NEW YORK (dpa-AFX) – On Wall Street, investors became a little more cautious again on Wednesday. After the weak start to the week and a moderate recovery on Tuesday, the most important stock indices finally slipped back slightly in the middle of the week.
The Dow Jones Industrial closed 0.35 percent lower at 28,210.82 points. The experts at Index-Radar also see chart-technical risks for the US leading index. More sales in the direction of 28,000 points or even up to 27,100 points are to be expected. “Upward swings, on the other hand, are likely to expire between 28,900 and 29,000,” wrote chart technology analyst Andreas Büchler.
The market-wide S&P 500 was down 0.22 percent to 3435.56 points and the technology-heavy Nasdaq 100 was down 0.11 percent at 11,665.37 points.
The market-defining topic continues to be the negotiations between Republicans and Democrats about new financial aid in the corona pandemic. Although the market is bullish, the news has been mixed recently. Nancy Pelosi, spokeswoman for the Democrats in the House of Representatives, has recently been rather confident. On the other hand, the Republican majority leader in the Senate, Mitch McConnell, warned against agreeing to an agreement before the presidential election.
In addition, the corona infection numbers in the USA remain a risk factor for the stock market. So far, however, the US economy has continued to recover from the slump in the Corona crisis, according to the US Federal Reserve. Economic activity has increased in all districts, said the Fed’s economic report
Among the individual stocks, the shares of Snap stood out with a plus of a good 28 percent; in the meantime, the shares had reached a record high. The growth of the Snapchat photo app amid the corona pandemic made a big impression on investors. Numerous analysts then raised their price targets, including JPMorgan, Credit Suisse and Barclays.
Netflix, however, disappointed. After the corona-related subscription boom in the first half of the year, the number of customers for online video services declined sharply in the third quarter. Netflix missed its own forecast and remained far below the analysts’ expectations. The increasing competition in the streaming business is troubling the market leader. The papers slumped at the bottom of the Nasdaq 100 by around seven percent. Since the beginning of the year, however, the price has already risen sharply.
Texas Instruments’ shares fell more than three percent. The chip company is expecting more sales for the current quarter than analysts currently have on the list, but after the record high about a week ago, the positive news was no longer enough for further price increases.

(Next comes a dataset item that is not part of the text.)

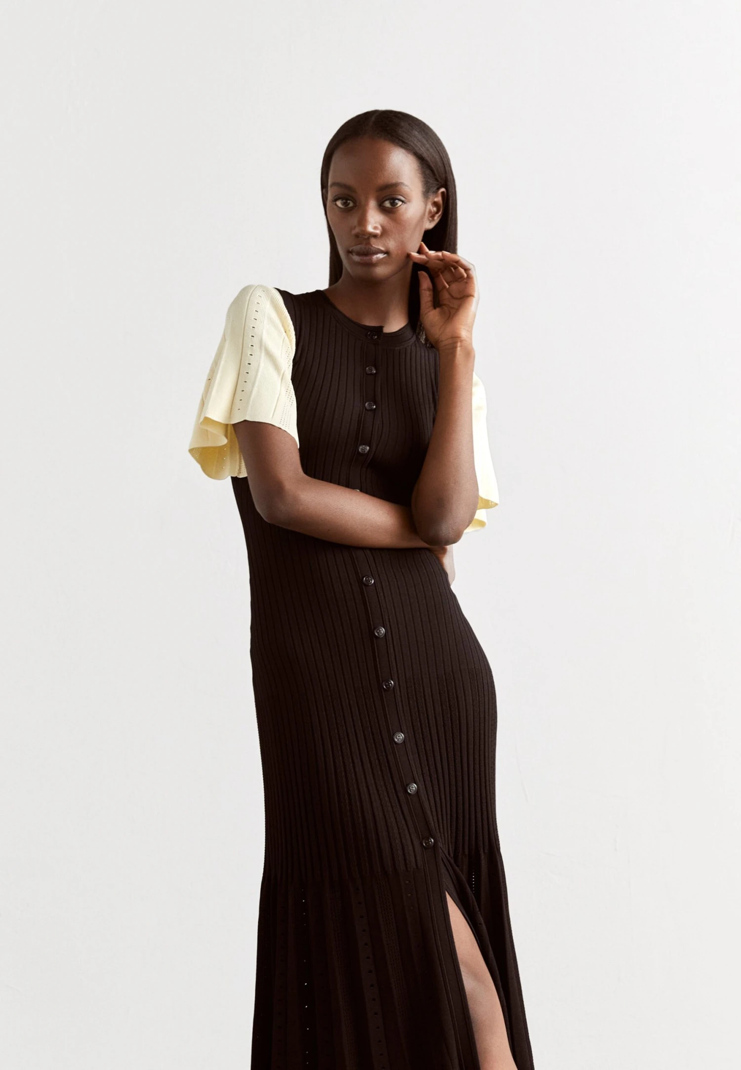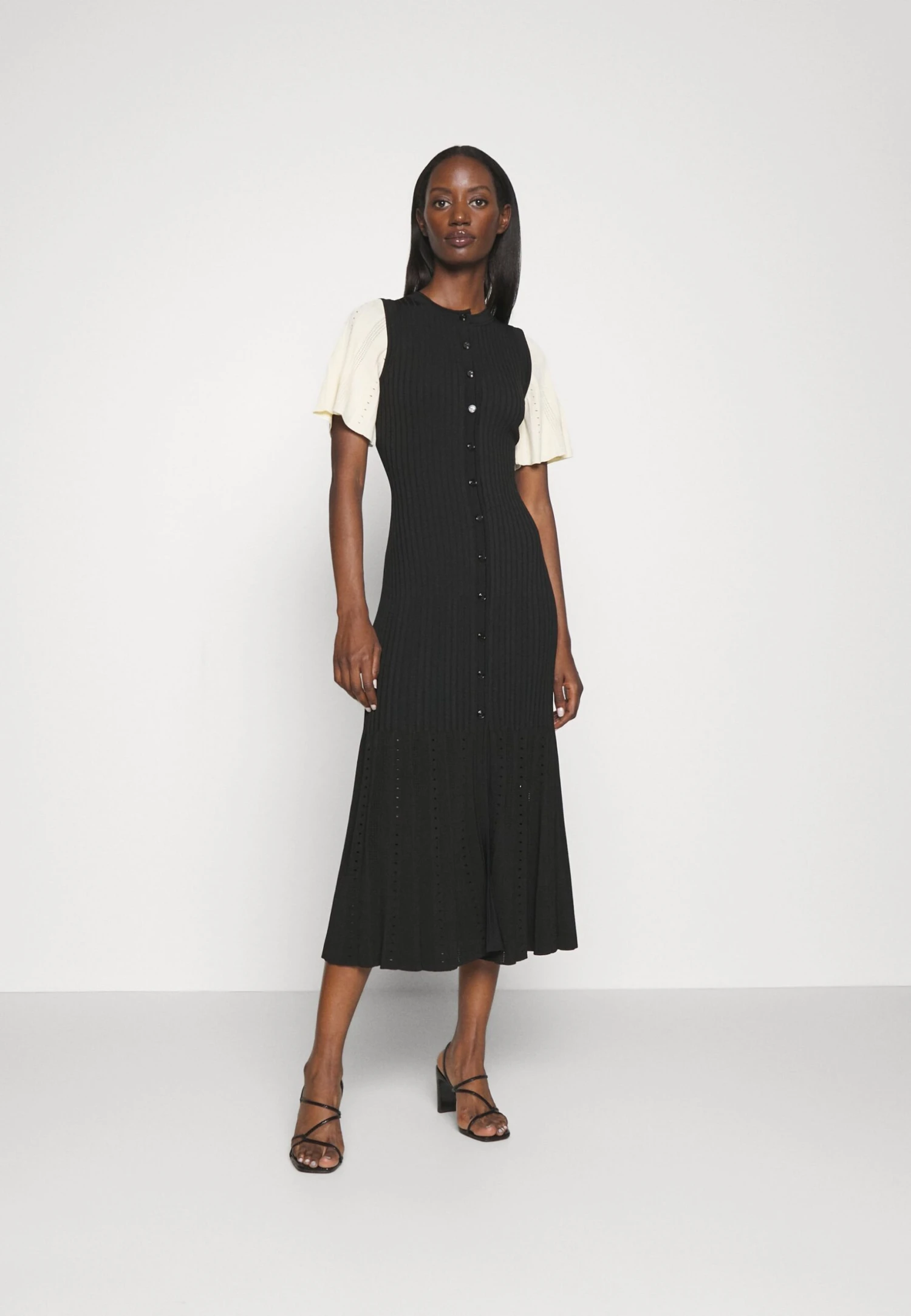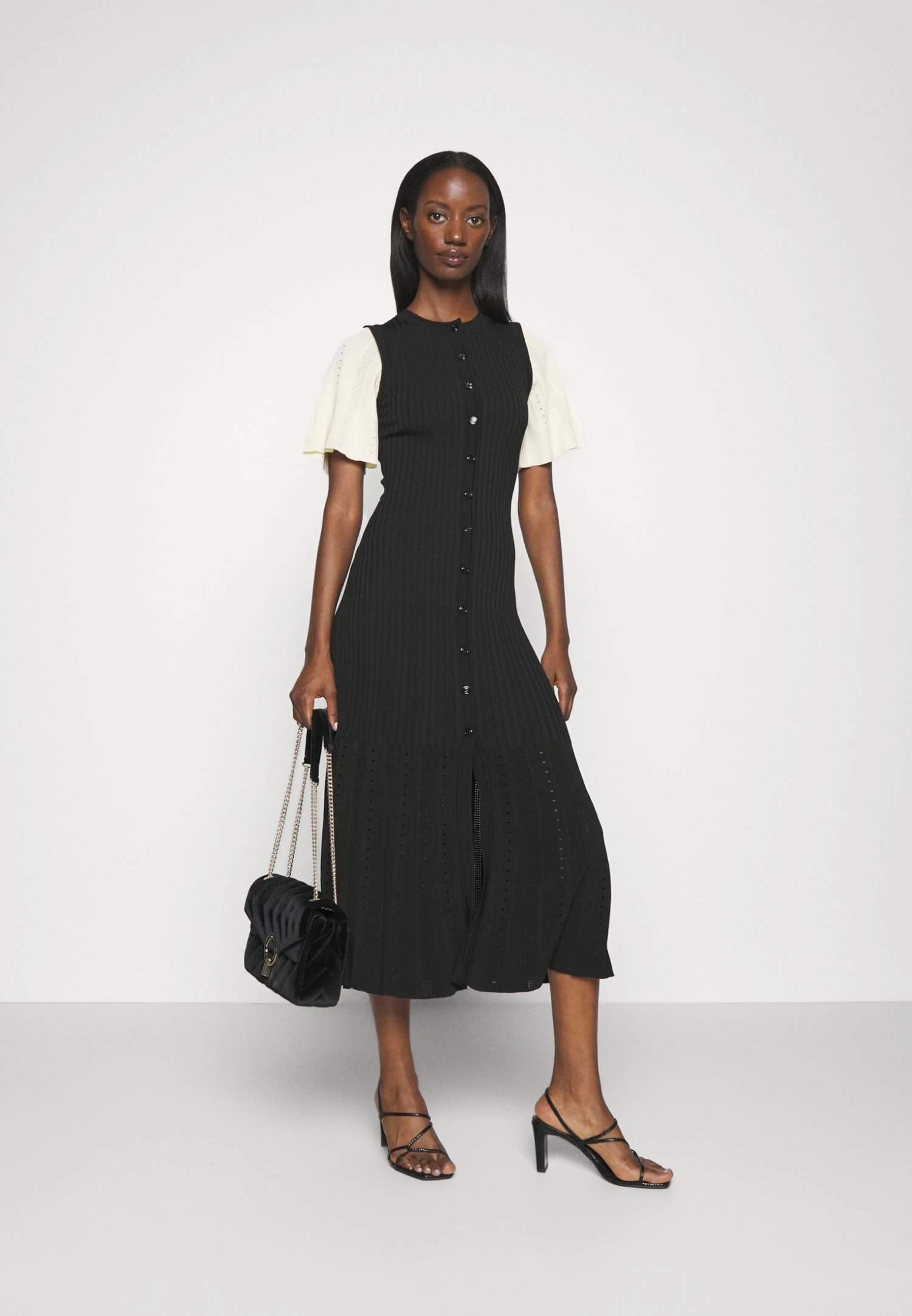 Sandro Robe Midi Claudine Boutonnee – Strikket Kjole – Noir

At the top of the Dow, Travelers shares continued their rally the day before, rising around six percent. The non-life insurer had already convinced investors on Tuesday with a doubled quarterly profit.
The euro was recently quoted at 1.1858 US dollars. The prospect that a hard break between the European Union and Great Britain could be avoided by the end of the year supported the common currency. The European Central Bank had set the reference rate at 1.1852 (Tuesday: 1.1810) dollars. The dollar thus cost 0.8437 (0.8467) euros.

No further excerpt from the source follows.